O ministro do Supremo Tribunal Federal (STF) Dias Toffoli criticou a “judicialização” excessiva de discussões de temas no país e afirmou que esse mesmo excesso revela uma deficiência das instituições.
“A gente brinca que lá a gente decide do parafuso ao foguete. Tudo vai parar no Supremo. E nós, do Judiciário, não podemos dizer ‘não vamos julgar’. Se tudo vai parar na Justiça, temos que refletir enquanto sociedade”, declarou. Toffoli participou do painel sobre Justiça e Segurança do 23º Fórum Empresarial Lide, que acontece no Rio de Janeiro.
“Somos criticados, muitas vezes, pelo excesso de litigiosidade, pelo excesso de decisões. Mas, na verdade, quem tem que refletir sobre isso é a sociedade e os poderes constituídos. Porque se tudo vai parar no Judiciário, é porque há uma falência dos órgãos e das instituições e da sociedade em resolver seus conflitos”, disse. “Temos que destravar o país.

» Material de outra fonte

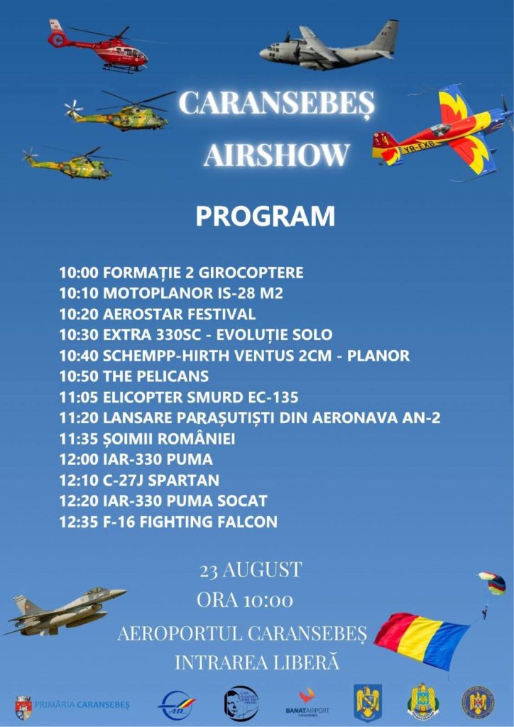 Începând cu ora 10:00, cerul Caransebeșului va prinde viață cu evoluțiile impresionante ale Hawks of România, care vor demonstra acrobații aeriene de mare precizie, atât în formație, cât și solo. Publicul va putea urmări și salturile spectaculoase ale formației de parașutiști The Pelican’s. Si zborurile demonstrative ale aeronavelor Forțelor Aeriene Române: avioanele de luptă F-16, aeronava de transport Spartan și elicopterul IAR 330.

Temos que ter órgãos de estado que tenham sistema de fast track de trabalhar juntos e de ter decisões rápidas”.
Toffoli sinalizou a existência de um “conflito” hoje no país com a criação do trânsito em julgado — momento em que uma decisão judicial torna-se definitiva, sem que haja a possibilidade de recurso. O termo “trânsito em julgado” é mencionado na Constituição Federal e em diplomas como os Códigos Civil e Penal, mas nenhum traz uma definição legal.
“Um contrato só vale se tiver uma decisão judicial com trânsito em julgado. Na administração pública, os gestores mordem o dedo dos órgãos de controle. E muitas vezes aquilo que, por exemplo, um estado e o Executivo federal estão de acordo, o pessoal do Tesouro Nacional diz ‘Vai no Supremo, que aí com a ordem judicial estamos protegidos'”, declarou.
Como exemplo, o ministro citou a liminar concedida por ele mesmo ao estado do Rio de Janeiro. Em maio, o magistrado suspendeu o aumento no serviço da dívida do estado com a União — a alta era uma punição ao descumprimento do plano de recuperação fiscal assinado pelo estado. Toffoli concedeu o direito de que o Rio de Janeiro pague as parcelas mensais da dívida no valor correspondente ao ano de 2023, sem a aplicação de sanções. A concessão da liminar, no entanto, disse Toffoli, foi conversada primeiramente com o ministro da Fazenda, Fernando Haddad. Já nesta semana, o tema foi tratado pelo Congresso: o Senado aprovou a renegociação de dívidas dos estados com a União, com a possibilidade de pagamento em até 30 anos e com juros menores. A matéria segue para a Câmara.
“O projeto de lei no Senado para resolver esse problema saiu do Judiciário, para resolver no Congresso Nacional. E quando se vai no Tesouro, o técnico diz: ‘Se eu assinar isso, posso ser responsabilizado’. Então judicializa”, declarou.
Reforma tributária
Ainda falando do excesso de processos no país, Dias Toffoli apontou que a reforma tributária deverá aumentar a judicialização. O ministro afirmou que, desde a criação da repercussão geral — que garante a possibilidade de que a decisão tomada pelo Supremo seja vinculante para toda a Justiça –, foram 341 temas aprovados e outros 270 julgados apenas em matéria tributária.
“Virá uma demanda enorme, porque com a nova emenda constitucional que alterou o sistema tributário e a sua regulamentação, é evidente que vai haver uma judicialização (…) Quanto mais texto na Constituição, mais judicialização nós vamos ter. E dizia ao Paulo Guedes [ex-ministro da Economia], ao Haddad, que o ideal da reforma era enxugar a Constituição, estabelecer critérios de premissas, de divisão da federação das competências, mas não colocar tanto texto. Fizeram tudo ao contrário”, declarou.